Perché 19 cavalli sono morti improvvisamente e senza alcuna spiegazione scientifica? È la domanda che da due anni a questa parte si pone Sonny Richichi, presidente dell'associazione Italian Horse Protection (IHP), la prima in Italia ad essersi specializzata nella tutela degli equidi.
I cavalli deceduti in circostanze mai chiarite si trovavano proprio nella tenuta di IHP a Tignano, vicino a Volterra, in provincia di Pisa. «Si tratta per noi di una vicenda tragica sotto più punti di vista, non ultimo quello giudiziario», spiega Richichi a Kodami.
L'associazione, infatti, ha presentato istanza di opposizione alla richiesta di archiviazione dell'indagine sulla morte dei 19 cavalli avanzata dalla Procura di Pisa.
I fatti risalgono al 31 dicembre 2018, quando i cavalli salvati dall'associazione vengono trasferiti dal rifugio di Montaione, in provincia di Firenze, alla nuova sede di Tignano: «Quello che per noi sembrava un sogno, la donazione di una tenuta alla nostra associazione, presto si è trasformato in un incubo che ancora non è terminato», ricorda Richichi.
Appena tre giorni dopo il trasferimento, 8 cavalli si accasciano al suolo nel giro di pochi minuti.

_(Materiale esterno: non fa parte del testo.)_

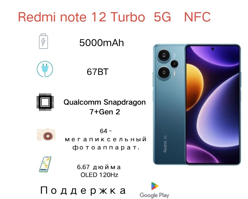 GG2,Смартфон Xiaomi Redmi note 12 Turbo, Русский, NFC, Google Play,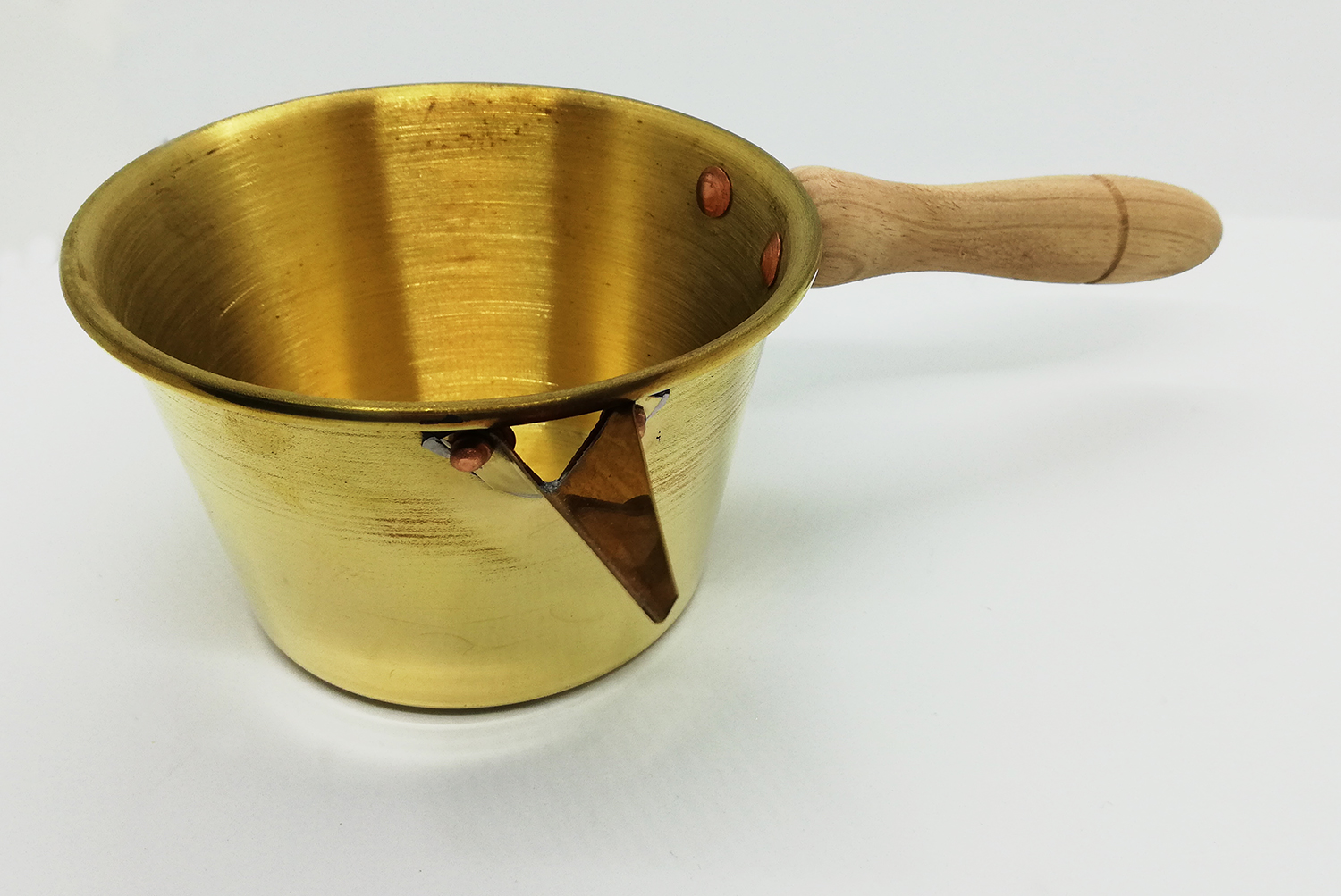 Caçarola dourada pequena com cabo de madeira

I veterinari non sono in grado di determinare le cause di quella anomala morte simultanea. Ma quell'episodio non è che l'inizio di una sequenza di morti inspiegabili che si ripeteranno a più riprese e in circostanze sempre diverse tra il 2019 e 2020, fino a quando l'IHP non deciderà di ritornare alla precedente sede di Montaione, ponendo fine al ciclo di morte.
«Tossicosi iperacuta è il responso dei medici veterinari – chiarisce il presidente di IHP – ma nonostante le autopsie e le analisi non si è mai capito da cosa sia stata originata questa grave intossicazione. È questo il problema che ci impedisce di fare archiviare il caso».
La IHP si è specializzata nella tutela degli equidi attraverso azioni di denunce, investigazioni su fenomeni come quello delle macellazioni clandestine, e in supporto delle Forze dell'ordine durante le operazioni di sequestro. Con loro è nato anche il primo centro di recupero per animali maltrattati, riconosciuto ufficialmente dal Ministero della Sanità.
«Purtroppo in Italia siamo rimasti molto indietro rispetto alla tutela dei cavalli, che continuano ad essere sfruttati in ogni ambito: dall'industria alimentare, fino all'intrattenimento. Siamo il paese delle carrozze trainate da cavalli in città, e quello in cui si macellano più cavalli in assoluto. Tutto questo è possibile perché non esistono tutele normative specifiche per gli equidi, e lo abbiamo sperimentato una volta in più proprio durante questo procedimento».
L'associazione ha infatti chiesto a più riprese la costituzione di un coordinamento scientifico per venire a capo della vicenda: «Anche gli esperti interpellati da noi privatamente non hanno saputo dare una spiegazione alle morti: dobbiamo prendere atto che ci troviamo davanti a un limite della medicina veterinaria per i cavalli. Ma un limite che dobbiamo superare».
In realtà, durante le indagini gli esperti della Procura una spiegazione l'hanno data e su questa si basa la richiesta di archiviazione, ammette Richichi: «La morte è stata attribuita a cause ambientali dovute al trasporto degli animali. Rifiutiamo questa spiegazione perché potrebbe essere vera solo per i primi 8 cavalli, non per i restanti 11 morti dopo mesi, e in qualche caso anni, dallo spostamento».
Per l'IHP la spiegazione alle morti invece potrebbe risiedere nel suolo di Volterra: «Abbiamo chiesto alla Procura di disporre carotaggi nelle zone dove sono morti i cavalli per controllare se sono presenti sostanze tossiche potenzialmente mortali per quel tipo di animali – rileva Richichi – Non è mai stata fatta l'analisi dei terreni a causa di un reciproco scarico di competenze: l'Arpat (Agenzia regionale per la protezione ambientale della Toscana) si è sempre rifiutata dicendo che i veterinari non davano lista di sostanze da cercare, ma nei fatti nessuno si è mai mosso».
«La nostra richiesta di opposizione all'archiviazione – aggiunge il Presidente – si basa anche su questo: sulle falle che bbiamo registrato nella gestione di una vicenda che è senza precedenti in Italia e probabilmente nel mondo».
«Questo è avvenuto a causa di un cortocircuito culturale: ci avviciniamo a questi animali come se fossero strumenti – conclude Richichi – sono animali estremamente longevi e possono avere vecchiaia anche lunga, ma per le persone ad un certo punto diventano oggetti inservibili, non degne di accompagnamento durante la vecchiaia e la malattia, e forse neanche della giustizia dopo la morte».